The 36-meter concrete bridge has improved access to health and education services as well as created new business opportunities for local people in central Sri Lanka.
Trekking down the mountainside, I was suddenly face to face with the majestic Huluganga waterfall; thousands of gallons of water per second cascading a dozen feet down, crashing over massive boulders into the Huluganga river below. Through a veil of mist shimmered a bright rainbow as the sunlight merged with the water droplets in the air.
Beautiful as it was, to the villagers living around the waterfall, a 1-hour drive down a windy country road northeast of the central city of Kandy, the river has caused untold anxiety, since, until recently, the only means of crossing the Huluganga river was a 42-meter-long bridge of dilapidated wooden planks.
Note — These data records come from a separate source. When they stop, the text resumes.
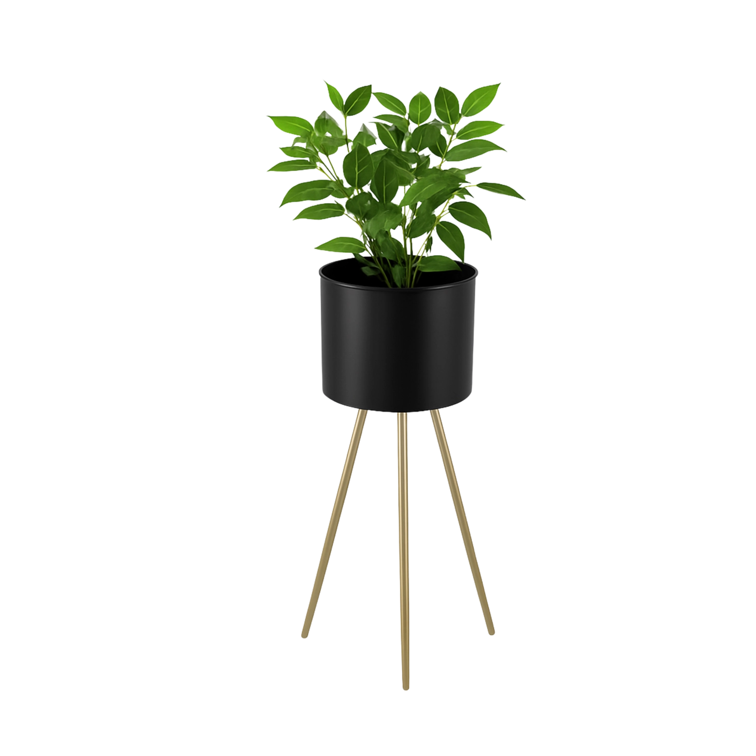 Stylowy stojak na kwiaty o wymiarach 18 × 18 × 50 cm w kolorze czarnym ze złotymi nogami jest idealny do nowoczesnych wnętrz. Oferuje stabilną metalową konstrukcję, elegancki minimalistyczny design oraz łatwą pielęgnację, dzięki czemu doskonale sprawdzi się w salonie, sypialni, biurze i na zadaszonym balkonie.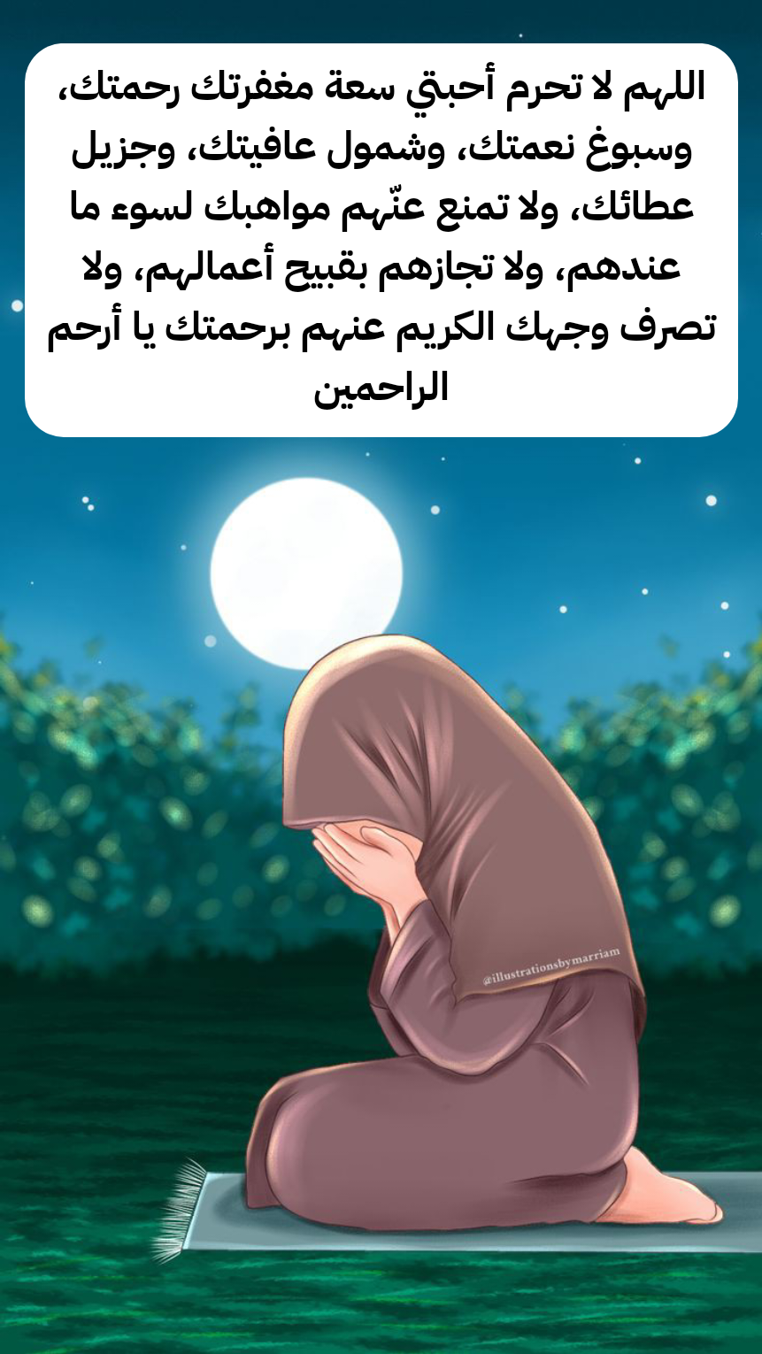 - يا كريم يا واسع الرحمة، أنظر إلى قلب صديقتي، إن كان فيه هم فأزل ثقله عنها، وإن كان فيه حزن فاجبر كسرها، وإن كان فيه مرض فامنحها الشفاء، فأنت أحنّ عليها من أي أحد وأنت القادر على كل شيء.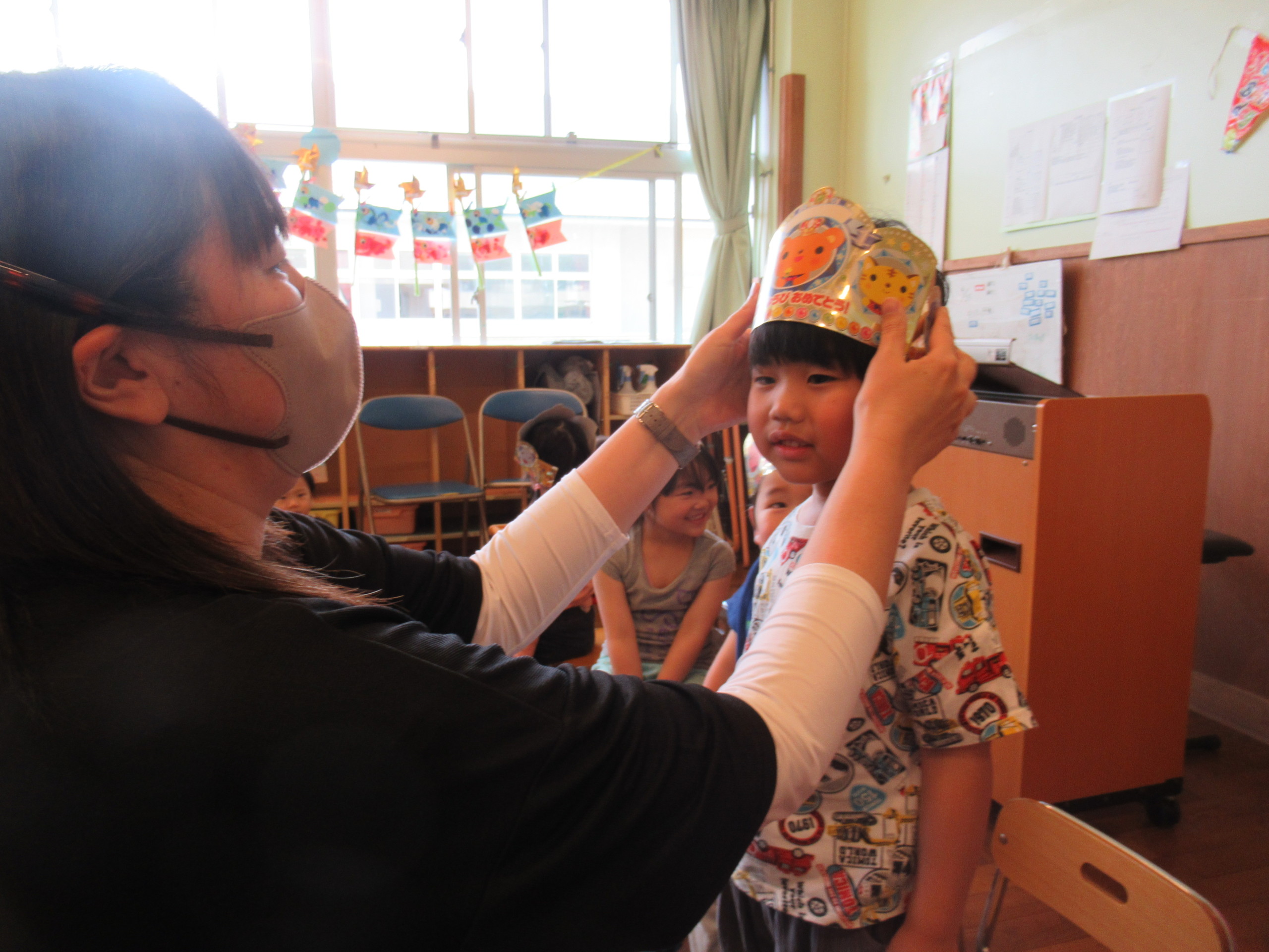 はじめに園長先生から王冠をかぶせてもらいました👑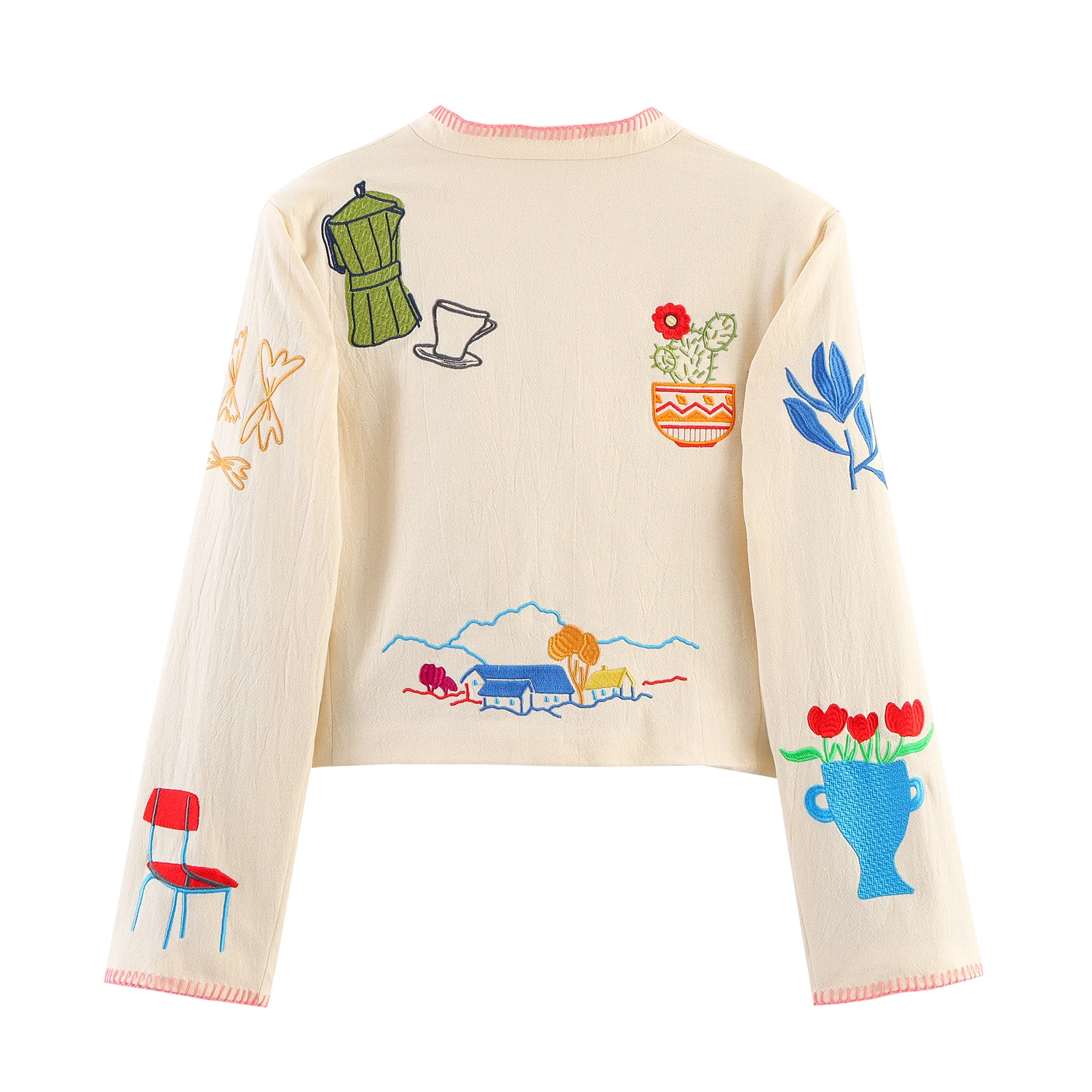 Cappotto corto ricamato a contrasto a maniche lunghe con scollo tondo allentato dolce casual da donna autunno 2025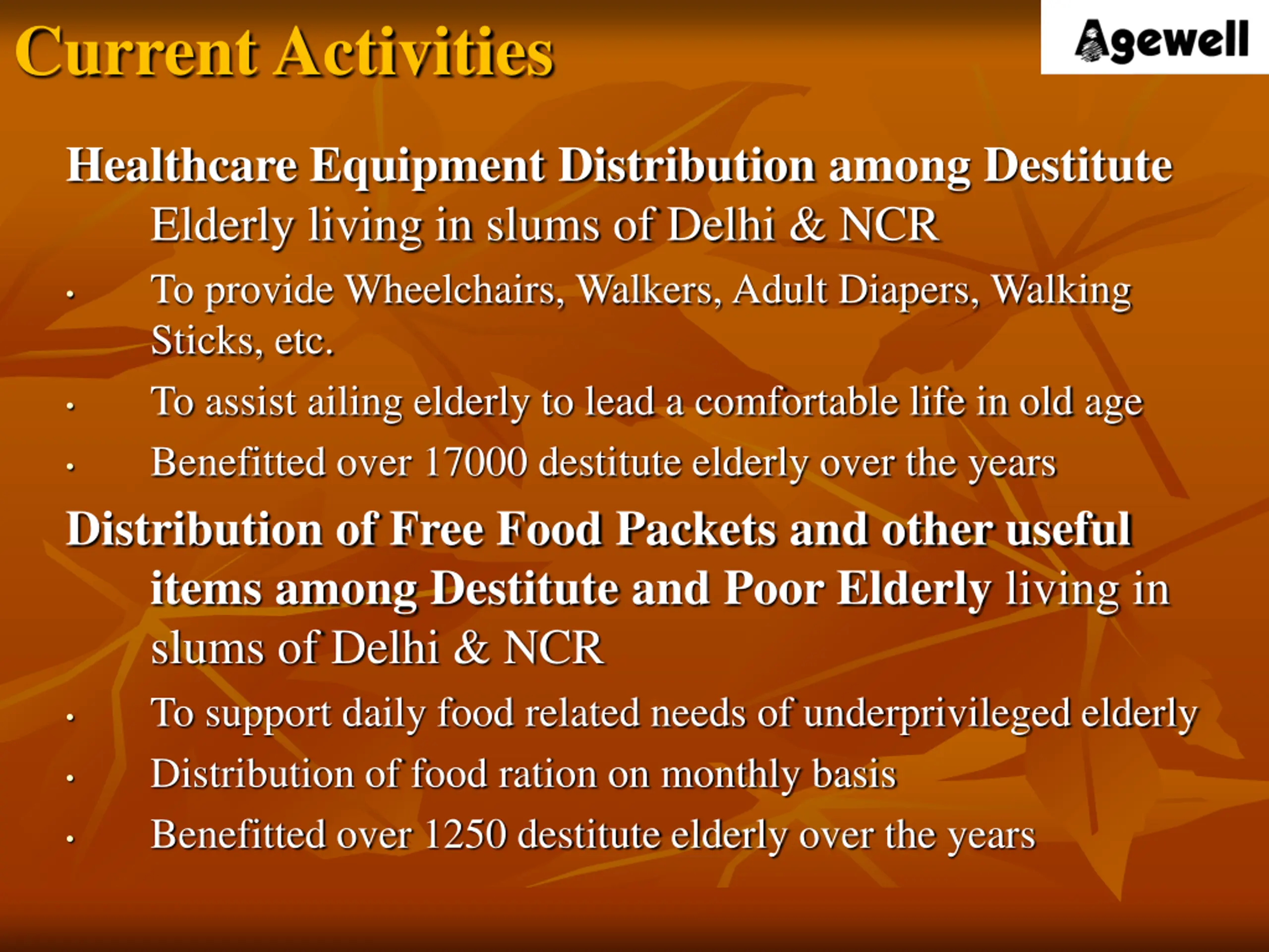 Current Activities Healthcare Equipment Distribution among Destitute Elderly living in slums of Delhi & NCR To provide Wheelchairs, Walkers, Adult Diapers, Walking Sticks, etc. To assist ailing elderly to lead a comfortable life in old age Benefitted over 17000 destitute elderly over the years Distribution of Free Food Packets and other useful items among Destitute and Poor Elderly living in slums of Delhi & NCR To support daily food related needs of underprivileged elderly Distribution of food ration on monthly basis Benefitted over 1250 destitute elderly over the years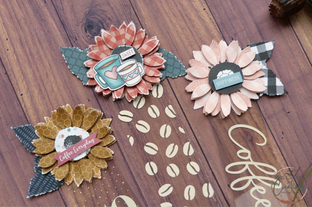 The other two sunflowers have simple sticker sentiments from Echo Park. If you are like me, you have quite a few coffee sentiments in your collection and this is a great way to use them up.

During the May through August rainy season, the swollen river would gush across the bridge, often ripping off decaying planks, leaving gaping holes and only the wire ropes to balance on.
Morgan Jennifer remembered feeling dizzy from seeing the swirling waters below when, heavily pregnant five years ago, she had to cross the bridge after visiting the Madolkale base hospital on the other side of the river from her home in Huluganga Village.
“I generally went to the medical center on this side of town for my monthly check-ups, but since it was time for me to do a scan, I had to go to the base hospital which is on the other side of town for which we have to cross the river,” said the now 25-year-old Jennifer, recalling the terrifying trip she faced a few years ago.
Many others faced the same short but perilous crossing, where tragically people have died in the past. It used to take villagers 30 minutes to make the 10-kilometer circuitous journey by bus to avoid the 15-minute walk over the old suspension bridge.
Since she had to get home to prepare the family lunch, Jennifer overcame her fear. However, for her second pregnancy, things were much easier for her since the Huluganga bridge had been constructed in the meantime.
At the request of the Pradeshiya Sabh local authority, ADB provided $230,000 under its ongoing Local Government Enhancement Sector Project to fund the construction of a solid concrete 36-meter-long bridge that both pedestrians and motor vehicles can use. Nearby villagers have been using it since April 2014, and it has improved access to health and education services.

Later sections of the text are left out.